PMML 3.2 - PMML Conformance
PMML Document ValidityPMML is a standard for XML documents which express trained instances of analytic models. The following classes of model are addressed:
- Association Rules
- Decision Trees
- Center-Based & Distribution-Based Clustering
- General Regression
- Neural Networks
- Naive Bayes
- Support Vector Machine
A valid PMML 3.2 document must be an XML document that is valid with respect to the reference XML Schema found at http://www.dmg.org/PMML3.2/pmml-3-2.xsd, after removing additional attributes that have a name with the prefix "x-". Additional elements with a name prefix "X-" can be defined in an internal Schema. A valid PMML 3.2 document must obey the restrictions expressed in the model specifications found at http://www.dmg.org/PMML3.2/.
The model specifications define various restrictions which are not
implemented in the XML Schema. Examples are:
"The sequence of LinearNorm elements defines a sequence
of points for a stepwise linear interpolation function."

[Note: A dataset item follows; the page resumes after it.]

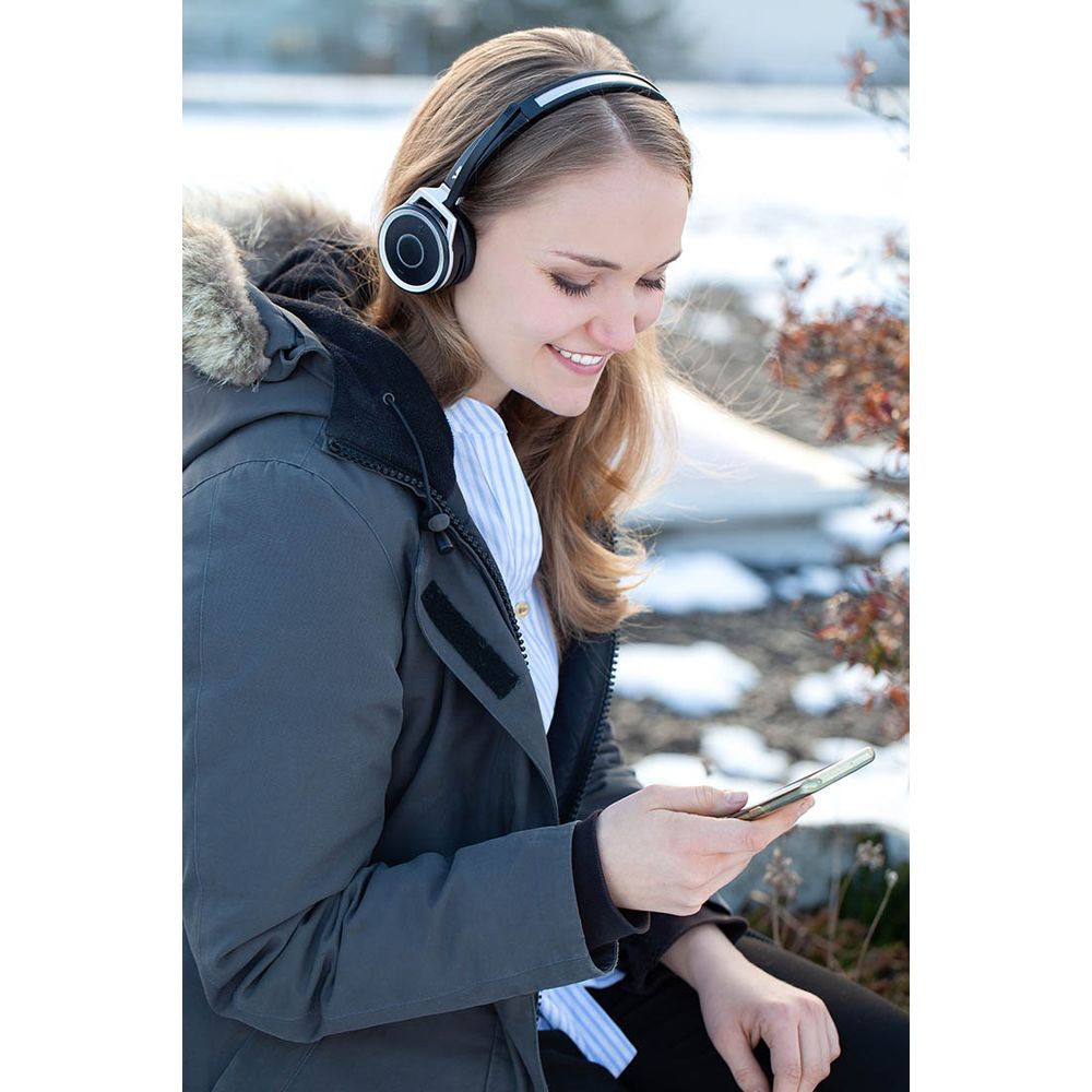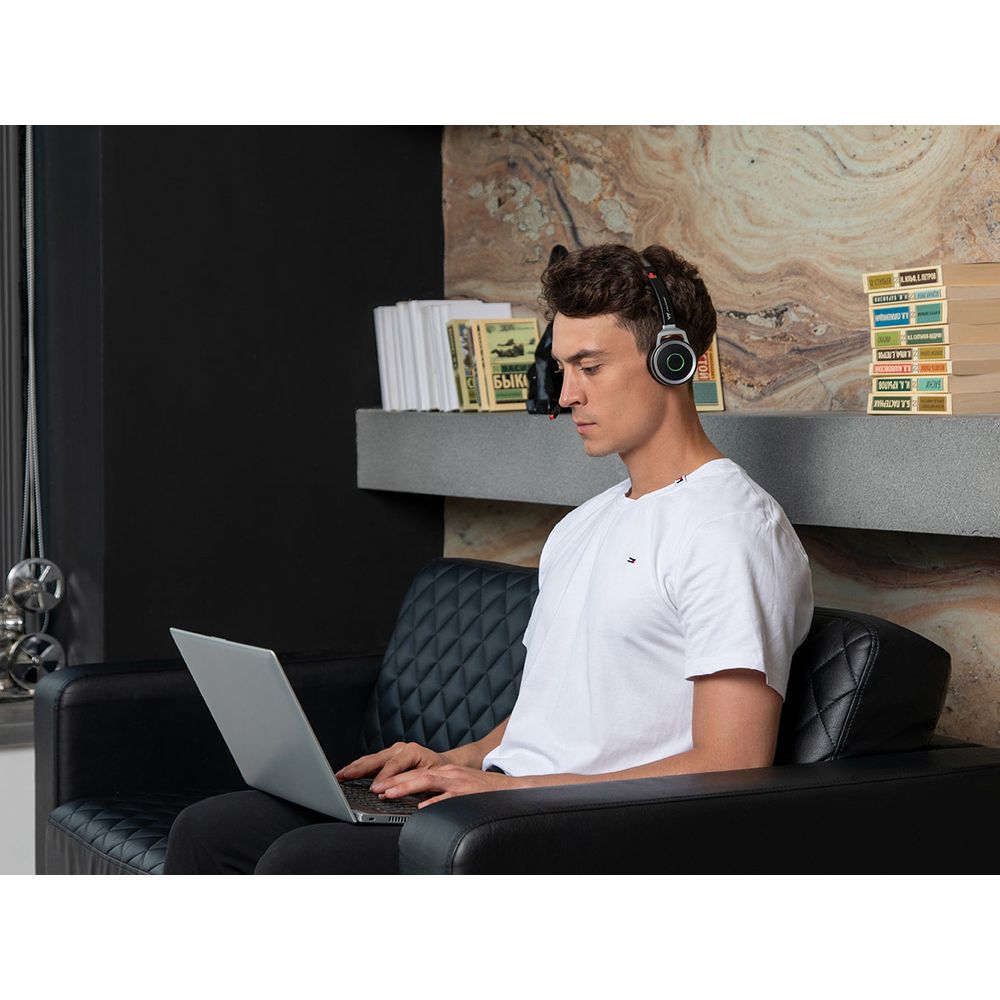 Сменные амбушюры из эко-кожи и регулируемые спикеры с 2-мя степенями свободы, а также малый вес гарнитуры обеспечивают комфортное ношение весь рабочий день.
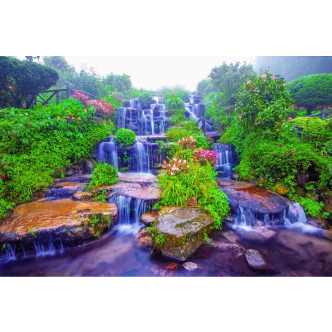 1 kép Matrica tapéta Cascada50 Vízesés a kertben virágokkal, 350 x 200 cm

The order of these elements is critical but it is not possible to enforce this using the XSD.
"In most cases Score is required but for
model composition where a tree model is used to select a regression model,
the regression equation will provide the Score and, in this case,
Score is not required.
In all other cases, if the winning node in the tree evaluation does not
have a Score, the result is invalid."
Ensuring that tree nodes in non-model composition models have the Score attribute is also not possible to enforce in the XSD.
PMML intends to enable application portability, sharing,
and reuse of analytic
models produced by a variety of tools.
Conformance must therefore be specified
from both producer and consumer perspectives.
Applications need ways to specify what kinds of analytic models
they can use, and modeling tools need ways to specify what kinds of
analytic models they produce.
A PMML document is what gets produced by a modeling tool to specify
a trained analytic model and
is what an application uses to deploy that model.
Satisfying producer conformance rules ensures a model definition
document is syntactically correct and in fact defines a model instance
which is consistent with semantic criteria
that are defined in model specifications.
Satisfying consumer conformance
rules ensures that such a model will be applied in ways which are valid.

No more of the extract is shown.